Las sinapsis silenciosa presináptico estudiado con microscopía de luz

Published: January 4, 2010 doi: 10.3791/1676
Automatic Translation
1, 1, 1, 1, 1,2,3
1Department of Psychiatry, Washington University School of Medicine, 2Department of Anatomy, Washington University School of Medicine, 3Department of Neurobiology, Washington University School of Medicine

Summary

Sinapsis glutamatérgica puede cambiar de un modo activo a un modo silencioso. Se demuestra que el estado de actividad presináptica en la cultura disociada de las neuronas de roedores se visualiza mediante un formulario puede arreglar de la FM1-43 tintes para visualizar las sinapsis activas y inmunotinción con vGluT-1 anticuerpo para visualizar todas las sinapsis de glutamato.

Abstract

Subyace en la plasticidad sináptica probable que la capacidad del sistema nervioso para aprender y recordar y también puede representar una adaptación de otro modo que impide que se convierta en perjudicial insultos neurotóxicos. Hemos estado estudiando una forma de plasticidad presináptica que es interesante, en parte, porque se expresa como una conmutación digital dentro y fuera de la capacidad de un terminal presináptica s para liberar vesículas que contienen el neurotransmisor glutamato. Aquí se demuestra un protocolo para la visualización del estado de la actividad de las terminales presinápticas en cultivos de células disociadas preparado desde el hipocampo de roedores. El método se basa en la detección de las sinapsis activa mediante la tinción con una forma corregible del colorante estirilo FM1-43, comúnmente utilizado para etiquetar las vesículas sinápticas.
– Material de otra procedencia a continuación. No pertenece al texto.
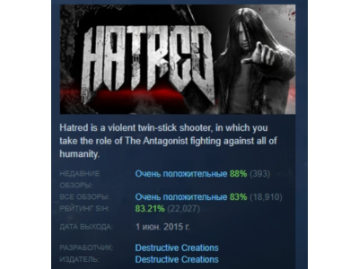 Лицензионный ключ для активации в Steam игры Hatred. Сразу после оплаты ключ отображается в окне браузера + автоматически отправляется на ваш e-mail.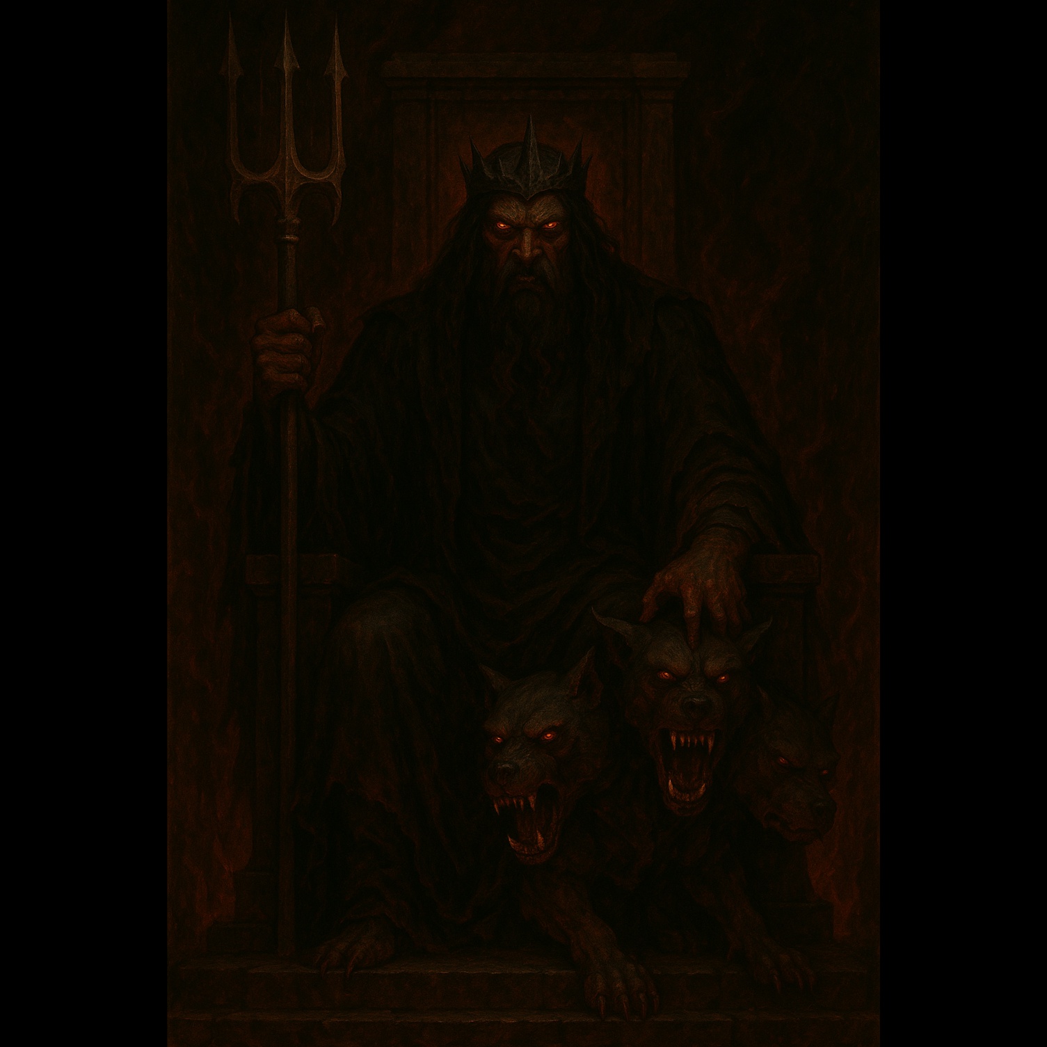 Compose a dark, majestic power metal anthem in the style of a gothic cathedral hymn, Begin with tolling bells, thunderous organ chords, and a slow march rhythm to establish the regal, funereal mood of the underworld, Guitars should be heavy and ominous, tuned down for weight, using harmonic minor and Phrygian dominant scales to conjure dread and divine power, Layer in male choirs chanting Latin or Greek-inspired phrases, with orchestral flourishes (cellos, brass, taiko drums) supporting a thunderous rhythm section, Verses should be paced like a slow procession, while choruses explode with choir harmonies and dramatic key changes, invoking the unstoppable force of Hades, Include a theatrical organ solo and a spoken or whispered bridge for a ritualistic feel, End with a slow fade into silence — like the closing of a tomb

Este perfil de tinción se compara con la inmunotinción de los mismos terminales con un anticuerpo dirigido contra el transportador de glutamato vesicular 1 (vGluT-1), una mancha diseñado para etiquetar todas las sinapsis de glutamato, independientemente del estado de activación. Nos encontramos con que los estímulos despolarizantes inducir silenciamiento presináptica. La población de sinapsis que no se pronuncia en condiciones basales pueden ser activados por el silenciamiento eléctrico prolongado o por la activación de las vías de señalización del cAMP.

Protocol

Cultura preparación

  1. Preparar cultivos disociados celular de las células del hipocampo de rata o ratón desde el primer día postnatal 0-3 animales 1. Las neuronas se adhieran a una monocapa de astrocitos subyacentes, que a su vez se adhiere a una capa de colágeno extiende sobre un cubreobjetos número de espesor 0. Placa de las neuronas a una densidad de aproximadamente 500 células por centímetro cuadrado.
  2. Permita que las culturas de crecer durante 10-14 días para permitir el desarrollo y la maduración sináptica. El tratamiento de las culturas en el día 4 in vitro con la AraC antimitóticos para detener el crecimiento más gliales. Darles de comer en el día 5 in vitro con un intercambio de soportes de medio a medio con Neurobasal más suplemento B27 para mejorar la supervivencia neuronal.
  3. Durante el período de cultivo, introducción de los tratamientos diseñados para alterar el número de sinapsis funcionales silenciados. Nos encontramos con que una forma cómoda para silenciar a un gran porcentaje (80%) de las sinapsis de glutamato es un tratamiento de 4 horas con 30 mM de potasio. Ya incubaciones con débiles estímulos despolarizantes inducen 2 silenciar similar. La estimulación de 4 horas con 50 M forskolin, un activador de la adenilato ciclasa, se puede utilizar para despertar a la población de los terminales de silencio al inicio del estudio 3.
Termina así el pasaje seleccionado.